View attachment 2750

You can see that from $Q=50$ to $Q=300$, the values diverge a bit from the measured values. You could probably improve this a bit by allowing the solver routine to change the initial and final values. By forcing the model to accept the actual initial and final values, you're sort of "straight-jacketing" the solution.

 

[Ackbach]

Here's a solution where I've allowed the Solver Routine to vary the initial and final values. As you can see, it does much better for the $Q\in[50,300]$ range, but does not do nearly as well at predicting the final value.

View attachment 2751

One more option: you could "glue together" two separate solutions, with the boundary right at the $Q=50$ mark, which is where an expected solution kind of has to change a bit. That could allow a better overall fit; you'd have a piece-wise defined function at that point.

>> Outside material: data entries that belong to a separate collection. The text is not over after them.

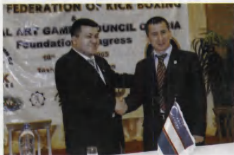
Кикбоксинг федерацияси президенти Сардор Тошхўжаевнинг кутлови
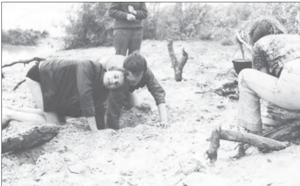
Видимо ищут то, что накануне закопали

Еще немного о футболе. В те времена в Богучаре летом стихийно образовались несколько детских футбольных команд. Они были на улицах Кирова, Набережной, 1-е Мая, Лысогорке и микрорайоне Песковатка, в селе Залиман. Организаторами выступали ребята 13-14 лет, которых хорошо знали на стадионе «Урожай». Они приносили со стадиона мяч, иногда несколько комплектов формы, и разномастная уличная команда, возраст игроков в которой составлял от шести до 14 лет, порой через весь город отправлялась на матч. Уличные команды, как правило, появлялись благодаря наличию футбольной площадки, пусть и небольших размеров. Ее не было только у команды с улицы 1-е Мая, однако это не мешало юным футболистам-первомайцам побеждать чаще остальных.
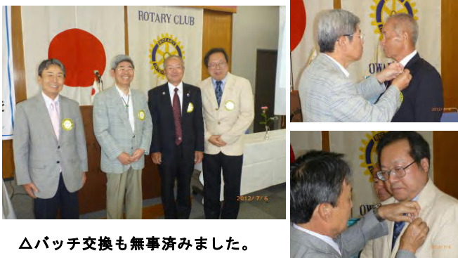
△バッチ交換も無事済みしました。
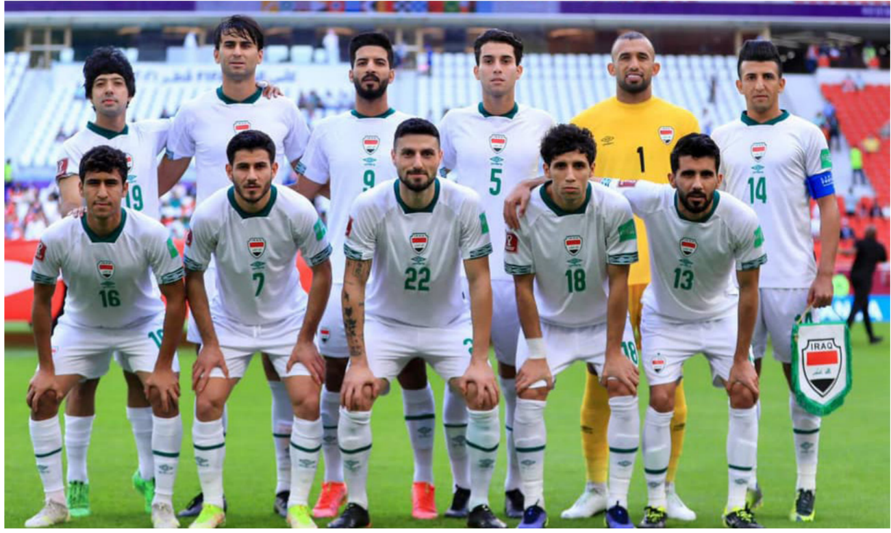
المنتخب الوطني لكرة القدم

Finally, you could also do cubic splines. There are routines to let you do that. Cubic splines are nice because they are continuous, and their first derivatives are continuous.

 

[masterims]

Thank you Ackbach, I am going to have a look at all this and see how it goes. I will let you know how I get on. It does sound complex so it may take a while for me to get my head around it.

I would most grateful if you could send me the LibreOffice file you have created so i can go over it please?

Kind regards,
Imran

 

[Ackbach]

Thank you Ackbach, I am going to have a look at all this and see how it goes. I will let you know how I get on. It does sound complex so it may take a while for me to get my head around it.

I would most grateful if you could send me the LibreOffice file you have created so i can go over it please?

Kind regards,
Imran

Check your email for the attached file.